Отыскать Университетский хирургический колледж не составляло особого труда. Немало часов Сайлас провел у его ограды, глядя сквозь прутья на знаменитых хирургов, которые то шагали во всех направлениях по безупречно подстриженным зеленым лужайкам, то исчезали за тяжелыми входными дверьми. По ночам он часто пробирался в крытую аркаду у черного хода, зная, что мертвые тела попадают в колледж именно этим путем, но откуда они берутся, Сайлас тогда еще не догадывался. Однажды он услышал во дворе какой-то шум, ржание лошади и возню. Приглядевшись, Сайлас разглядел черный экипаж, из которого вынесли на носилках что-то, накрытое тканью. Должно быть, это и было то самое мертвое тело – сокровище, о котором он так долго мечтал. Позабыв об осторожности, Сайлас выглянул из своего укрытия между колоннами и, вытянув шею, попытался рассмотреть мертвеца. Больше всего на свете хотелось быть одним из студентов-медиков, которые примут участие в утреннем занятии по анатомии, но об этом, разумеется, не стоило даже думать. Он и грамотой-то овладел с трудом. Читать Сайлас кое-как научился, а вот чистописание ему не давалось – писал он только печатными буквами, да и то с ошибками.

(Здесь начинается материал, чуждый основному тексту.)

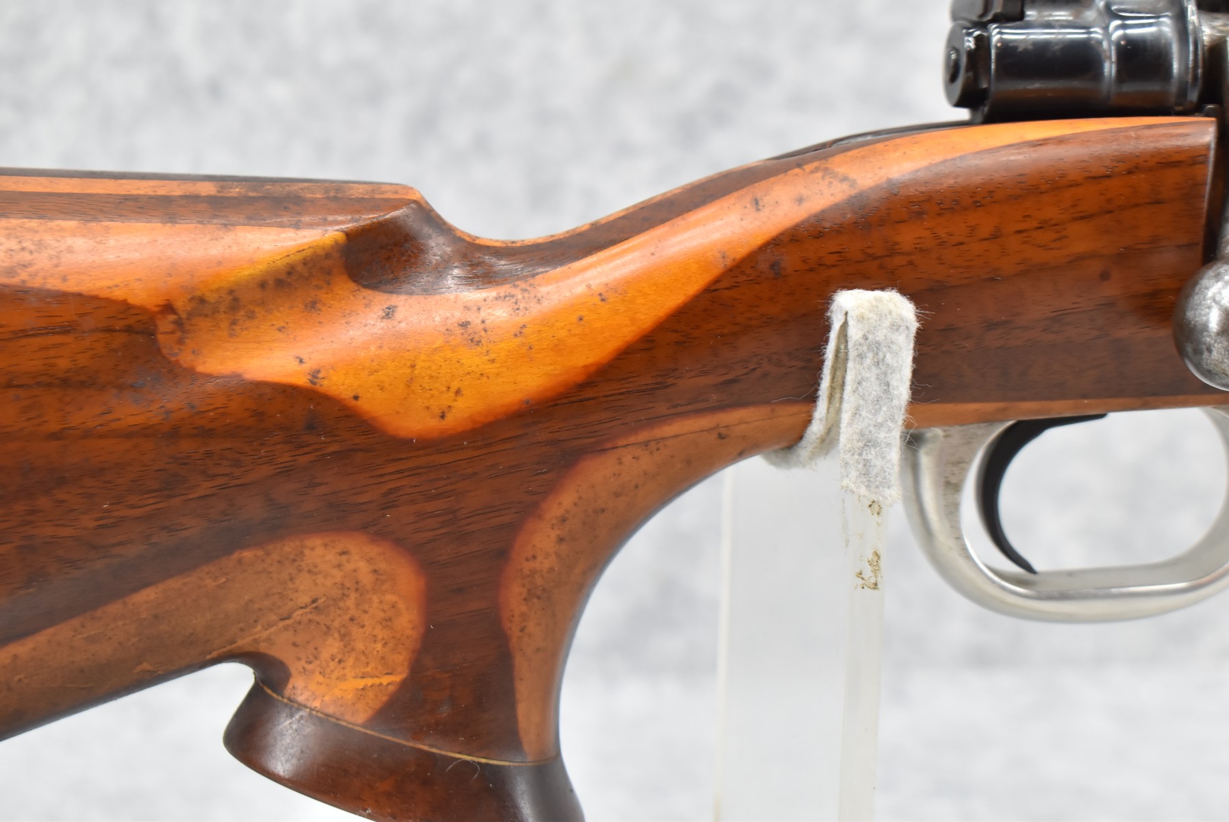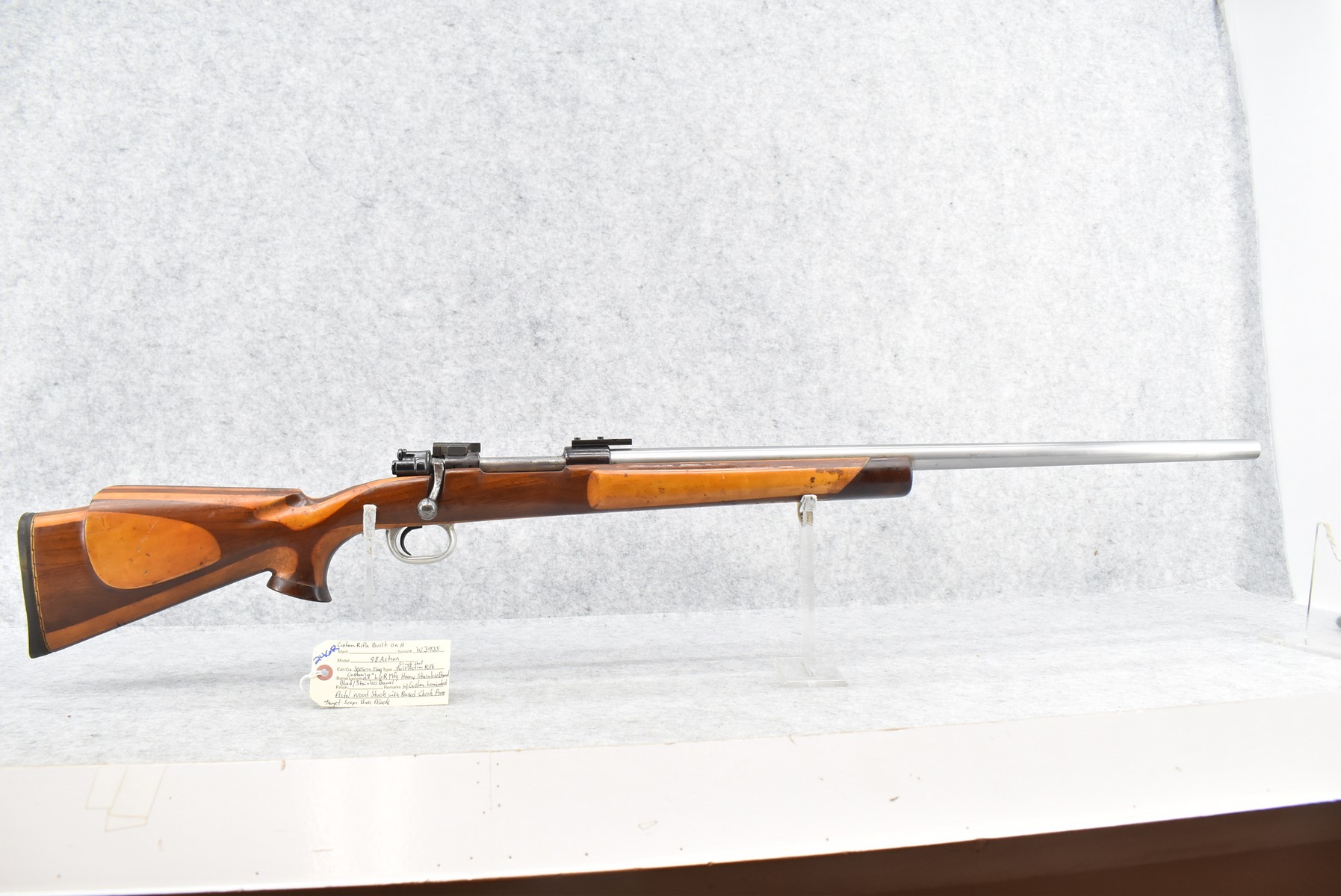 246R. Custom Rifle – Built on a Mod. 98 Action – 300 Win. Mag. Cal. Single Shot Bolt Action Rifle – w/Custom 28” LGR Mfg. Heavy Stainless Finish Barrel – Blued Finish Receiver – w/Custom Laminated Pistol Wood Stock w/Raised Cheek Piece – w/Target Scope Base Blocks

Гидеон сам подошел к нему, когда он в очередной раз «дежурил» днем у ограды колледжа. Невысокий, коренастый, он был студентом старшего курса. Все в его облике и манере держаться выдавало принадлежность к привилегированному классу, и тем не менее они разговорились. Гидеон рассказал Сайласу немало любопытного и о мертвых телах, которые ему доводилось вскрывать в анатомичке, и о многочисленных наглядных пособиях, которые там хранились: о пораженных опухолью легких, о деформированных черепах сифилитиков, о заспиртованном мозге, извлеченном из тела с рубленой раной головы, об удивительном древе кровеносной системы, заполненной для наглядности цветным воском, и о многом другом.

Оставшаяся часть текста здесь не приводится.